Efficiency of artificial neural networks in map of total electron content over Iran

Abstract

Maps of the total electron content (TEC) of the ionosphere can be reconstructed using data extracted from global positioning system (GPS) signals. For historic and other sparse data sets, the reconstruction of TEC images is often performed using multivariate interpolation techniques. In this paper, a quantitative comparison of the ability of artificial neural networks (ANN), polynomial fitting and kriging interpolation was carried out in order to model the spatial variations of TEC using GPS data over Iran. These methods are suitable for handling multi-scale phenomena and unevenly distributed data.

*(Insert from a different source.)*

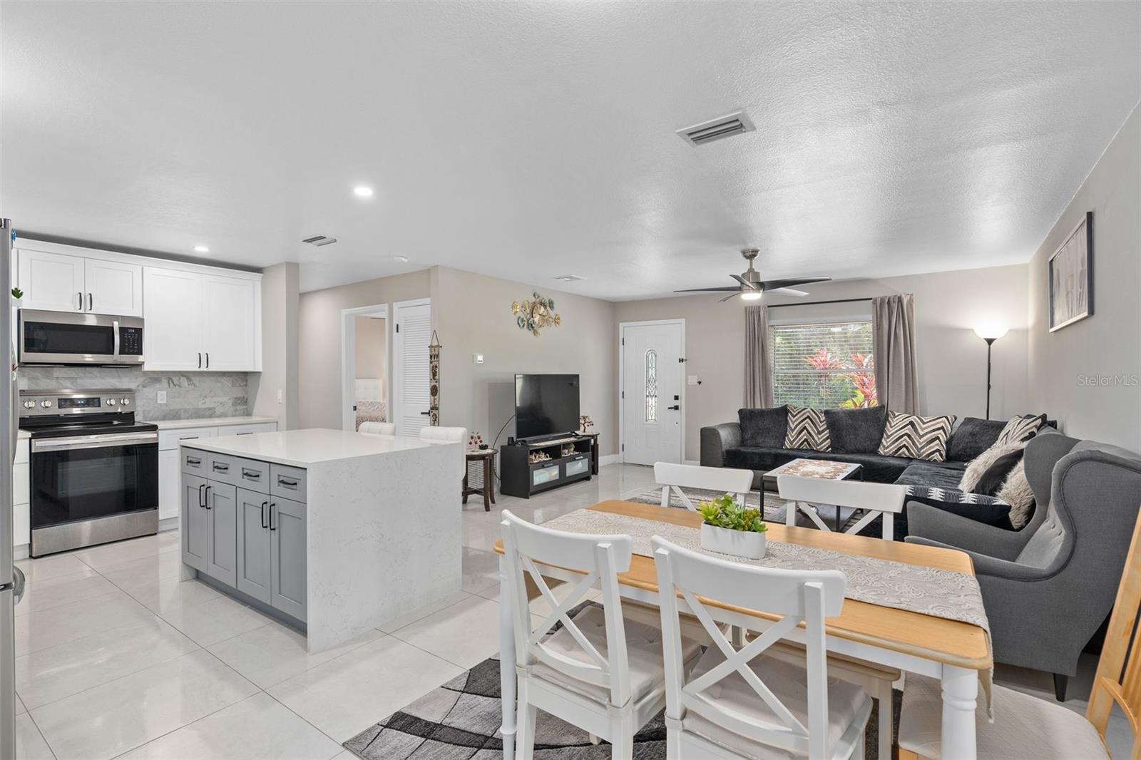 Ajuste do preço! Esta casa maravilhosamente atualizada de 3 quartos e 2 banheiros com uma sala de família bônus e nenhum HOA foi notável atualizado e atualizado de cima para baixo! Ao pisar na porta da frente, você será recebido com a sala de estar, cozinha e sala de jantar de conceito aberto brilhante com ladrilhos de última geração atualizados, janelas atualizadas, uma ilha de granito para combinar com as bancadas de granito, armários brancos reluzentes, novas torneiras e backsplash de pedra personalizada! Ao se mover pelo corredor, você verá o banho de hóspedes totalmente atualizado com sua vaidade de pedra e banheira de chuveiro. O quarto primário é totalmente pavimentado em laminado largo e sofisticado, possui um armário de duplo alcance e um ventilador de teto atualizado! O banho principal também foi totalmente atualizado com paredes de azulejos, detalhes em seixos e uma vaidade de pedra. A sala da família cobre todo o lado da casa, tem sua própria entrada de porta de vidro deslizante e segura uma maravilhosa lareira a lenha. A sala da sala da Flórida / área de varanda fechada possui cortinas personalizadas, um teto de queda e um novo carpete para todos os fins. Telhado (2021), 4 toneladas A/C (2021). Tudo isso em pouco menos de um quarto de hectare com jardinagem personalizada e sem HOA! Venha ver esta linda casa e faça sua casa hoje!

The observations collected at 25 GPS stations from Iranian permanent GPS network (uniformly spread all over Iran with sampling rate of 30-seconds). Dual frequency carrier phase and code GPS observations were used. A smoothed TEC approach was used for absolute TEC recovery. Evaluation of the methods has been applied with single GPS station in Tehran equipped with ionosonde instrument. The minimum relative error for ANN, polynomial and kriging are 4.37, 6.35, 9.13 % and the maximum relative error are 8.61, 29.06, and 20.14 % respectively. Also root mean square error (RMSE) of 3.7 TECU is computed for ANN method which is less than RMSE of other mentioned methods. The results show that ANN method has higher accuracy and compiles speed than kriging and polynomial. As well as, it is found that polynomial and kriging methods required many computational points in adjustment step.